Нет в мире эпитетов, которые помогли бы с точностью описать выражение папиного лица. Сказать «подохренел» – ничего не сказать.
– Не в том смысле, – поправился я. – Мы спали.
Папа моргнул.
– Да, Господи-Боже, – взвыл я, понимая, что меня сейчас записали в гомосексуалисты. – Просто спали. И то, это даже сном сложно назвать, со Скорпиусом я вообще не высыпался.
– А я-то думал, – прошептал папа.
Я снова почувствовал раздражение.
– Что ты думал? То есть, я уже не просто сексуальный маньяк, я еще и гомосексуалист?
– Ал, ну ты так сказал!
– Да я уже не знаю, как мне фильтровать речь, чтоб не натолкнуть кого-либо на мысли о моей половой жизни!

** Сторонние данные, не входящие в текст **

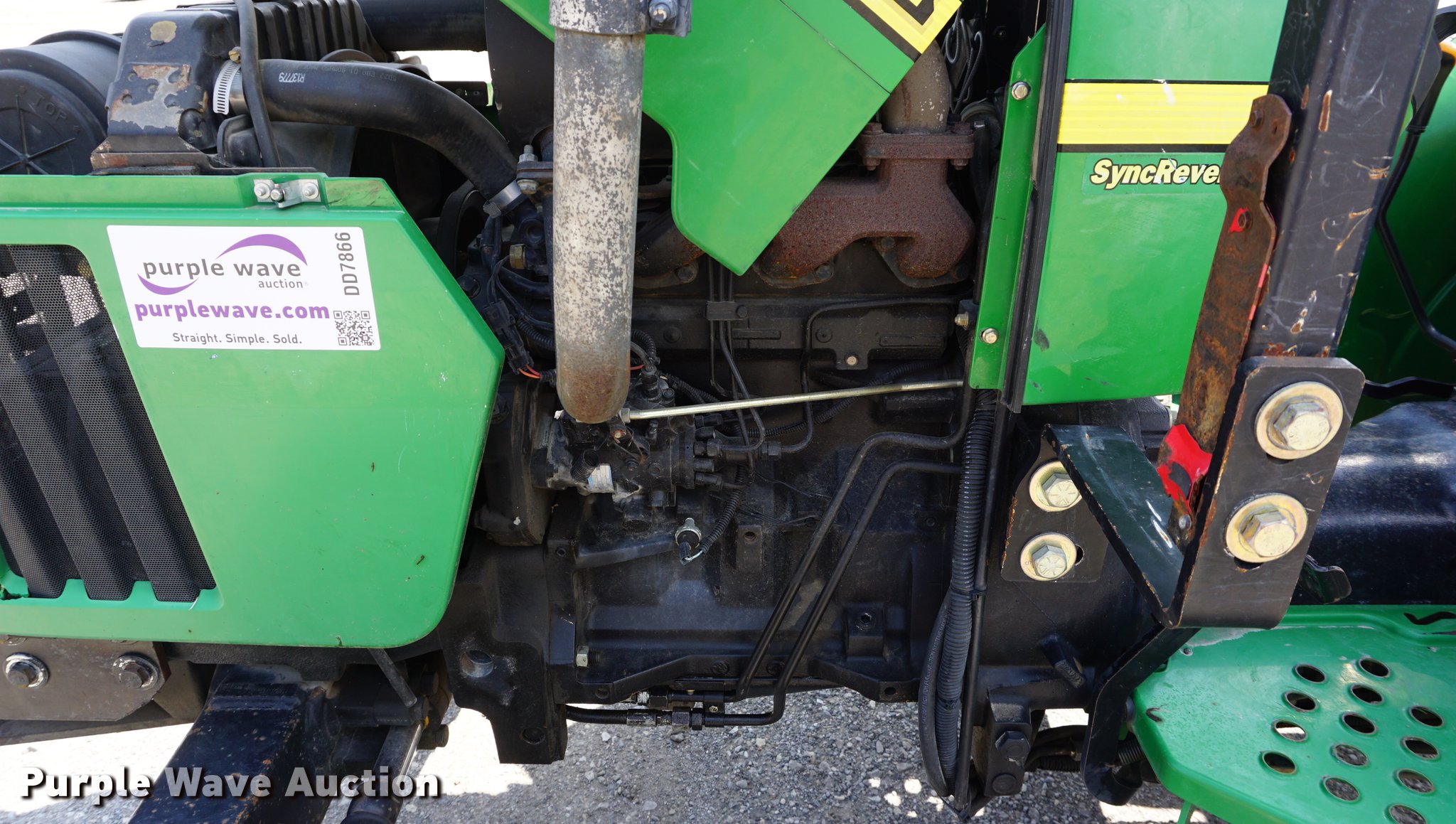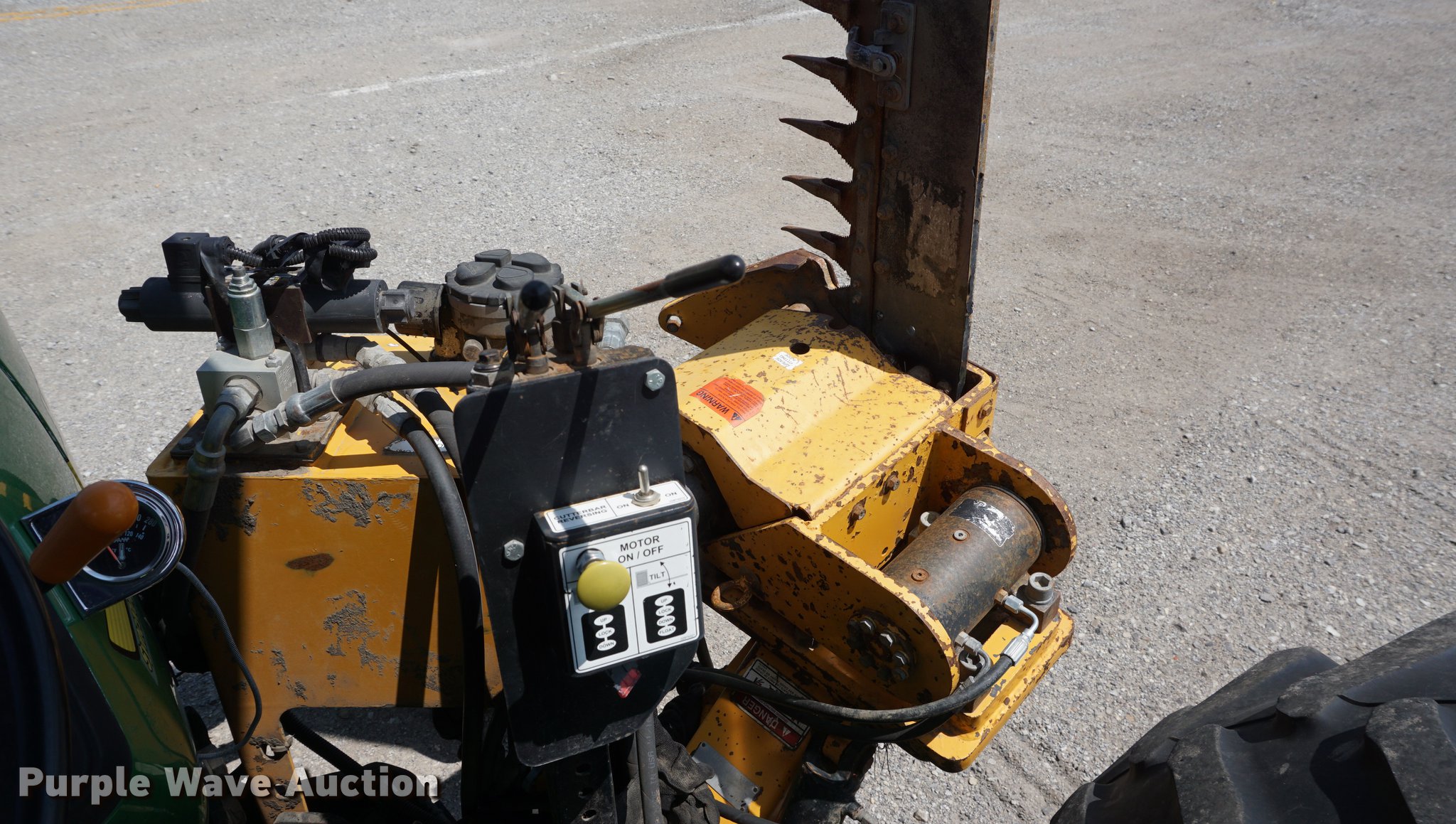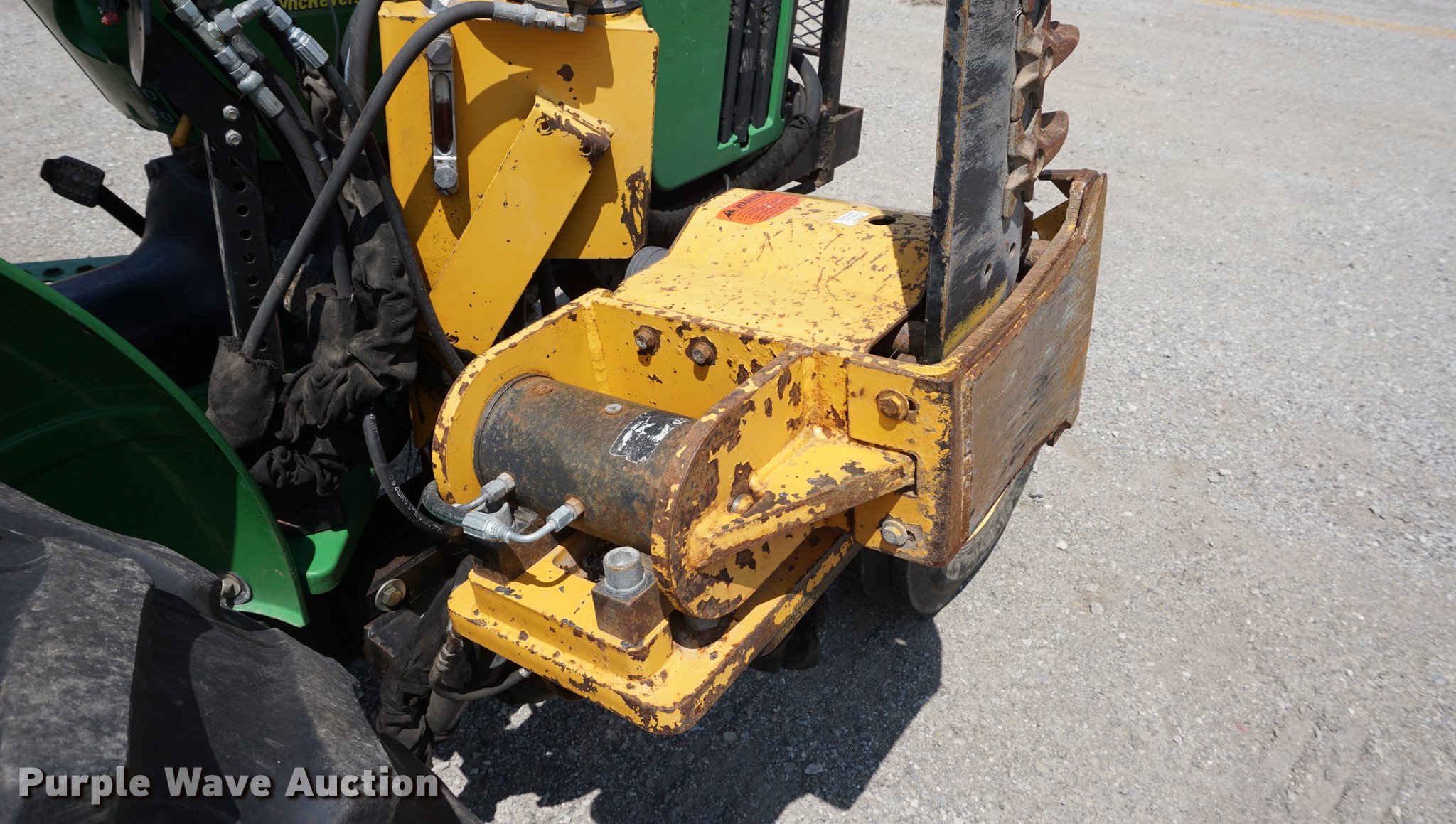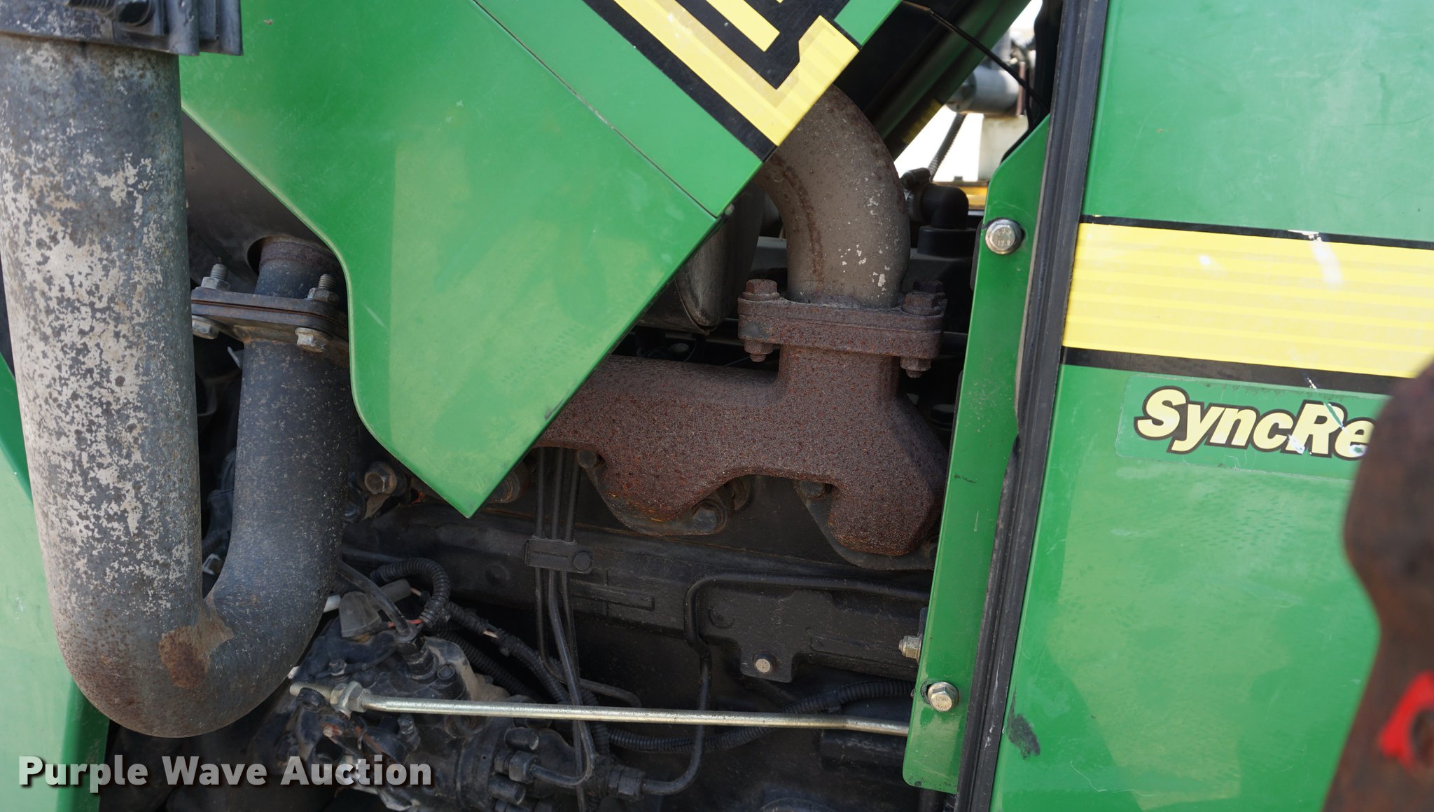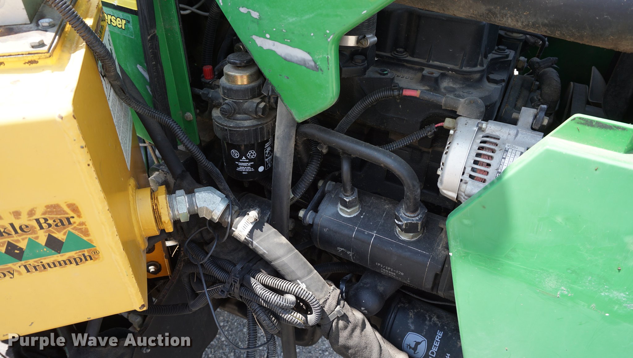 Purple Wave is selling a used Tractor in Missouri. This item is a 2005 John Deere 5205 tractor with the following: 1,472 hours on meter, John Deere 3029D 2.9L three cylinder diesel engine, 53 HP, Sync Reverser transmission, 8F-4R gears, Canopy, Suspension seat, Three point, Top link, 540 PTO, Rear hydraulic remote set, Front mounted hydraulic pump, 6'W sickle mower, 9.5L-15 front tires, 16.9-28 rear tires, Serial LV5205C621416

Вот за что я всегда ценил папу, так это за то, что в личную жизнь своих детей, в отличие от мамы, он не лез никогда. Помню, как лет в десять он по настоянию матери пытался мне что-то рассказать про пестики и тычинки, при этом краснел-синел-багровел-бледнел и в итоге объяснил мне все так, что я получил психологическую травму, и лет до семнадцати планировал умереть девственником.
Сейчас, когда тема этого дела затронулась сама собой, папа снова начал нервничать.
– Папа, – произнес я. – Забей.
Судя по тому, как он выдохнул, папа явно был мне благодарен за эту фразу.
– Можно я задам тебе вопрос? – не сдержался я.
И папа снова напрягся.
– Не по теме близких контактов. – Папа успокоился.
– Конечно, Ал.
– Месяц назад мы похоронили Доминик. И за этот месяц отцы тех, кто жил с ней в одной квартире вдруг заинтересовались их половой жизнью. Это заговор?
– Ты сам-то понял, что спросил? – уже строже спросил папа. – Нельзя даже шутить на тему смерти Доминик, это большое горе.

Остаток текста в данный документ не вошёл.